Population (2024-12-31)
- • Total: 72
- • Density: 28/km^{2} (72/sq mi)
- Time zone: UTC+01:00 (CET)
- • Summer (DST): UTC+02:00 (CEST)
- Postal codes: 55758
- Dialling codes: 06785
- Vehicle registration: BIR

= Weiden, Rhineland-Palatinate =

Weiden (/de/) is an Ortsgemeinde – a municipality belonging to a Verbandsgemeinde, a kind of collective municipality – in the Birkenfeld district in Rhineland-Palatinate, Germany. It belongs to the Verbandsgemeinde Herrstein-Rhaunen, whose seat is in Herrstein.

==Geography==

===Location===
Weiden lies on the edge of the Naturpark Saar-Hunsrück between Mörschied and Hottenbach. Half the municipal area is covered by forest.

Weiden has the lowest population figure of any municipality in the Verbandsgemeinde of Herrstein. Within Birkenfeld district as a whole, only Schwerbach has fewer inhabitants.

Weiden lies on the Deutsche Edelsteinstraße (“German Gem Road”).

===Neighbouring municipalities===
Weiden borders in the north on the municipality of Hottenbach, in the northeast on the municipality of Oberhosenbach, in the southeast on the municipality of Breitenthal, in the south and southwest on the municipality of Mörschied and in the northwest on the municipality of Asbach.

==Politics==

===Municipal council===
The council is made up of 6 council members, who were elected by majority vote at the municipal election held on 7 June 2009, and the honorary mayor as chairman.

===Mayor===
Weiden's mayor is Manfred Dalheimer, and his deputies are Herbert Halberstadt and Werner Kaiser.

===Coat of arms===
The municipality's coat of arms are defined as: Per pale sable a hammer and pick per saltire and a miner's lamp in pale, both argent, and argent a cross gules.

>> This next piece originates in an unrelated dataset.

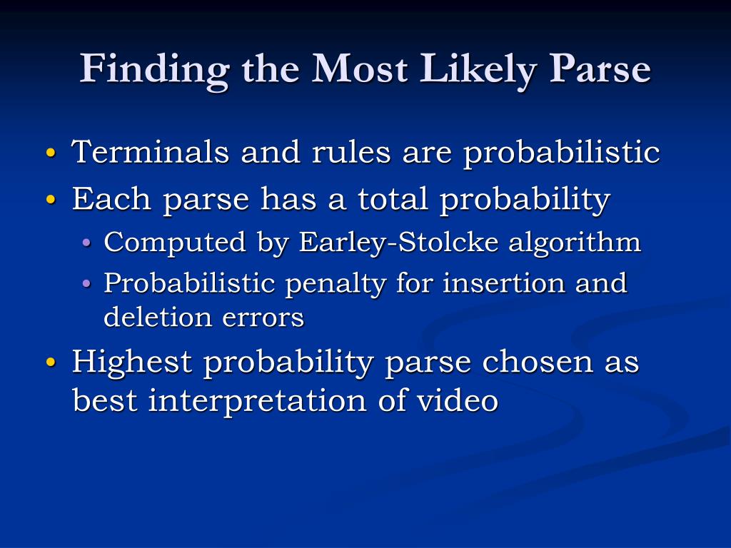 Finding the Most Likely Parse • Terminals and rules are probabilistic • Each parse has a total probability • Computed by Earley-Stolcke algorithm • Probabilistic penalty for insertion and deletion errors • Highest probability parse chosen as best interpretation of video

==Culture and sightseeing==

The following are listed buildings or sites in Rhineland-Palatinate’s Directory of Cultural Monuments:
- Evangelical church, Schulstraße – aisleless church with ridge turret, 1930–1935, door frame marked 1764 (spolia); Baroque pulpit
- Schulstraße 8 – Quereinhaus (a combination residential and commercial house divided for these two purposes down the middle, perpendicularly to the street), partly slated, 1854, essentially from the 18th century

Not on the list, however, is the gristmill in the Wiesen valley, which dates back to 1832.

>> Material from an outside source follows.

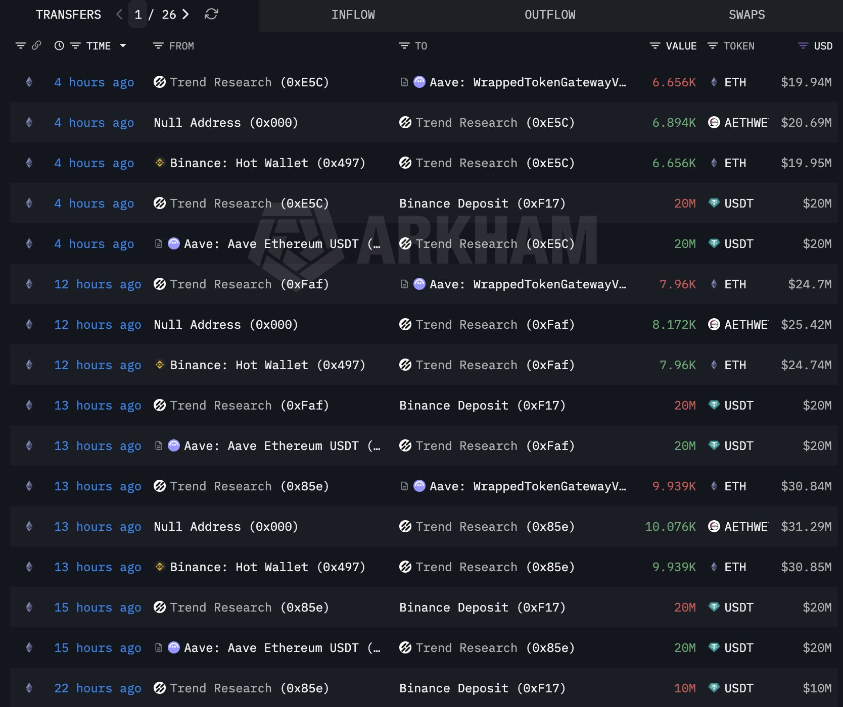 Blockchain data shows that Trend Research, a well-known institutional wallet, has aggressively increased its Ethereum exposure during the downturn.

==Economy and infrastructure==

Running southeast of the municipality is Bundesstraße 41. Serving nearby Idar-Oberstein/Weierbach is Fischbach-Weierbach railway station on the Nahe Valley Railway (Bingen–Saarbrücken).

==Famous people==
- :de:Armin Peter Faust, (b. 10 May 1943 in Weiden), author, teacher.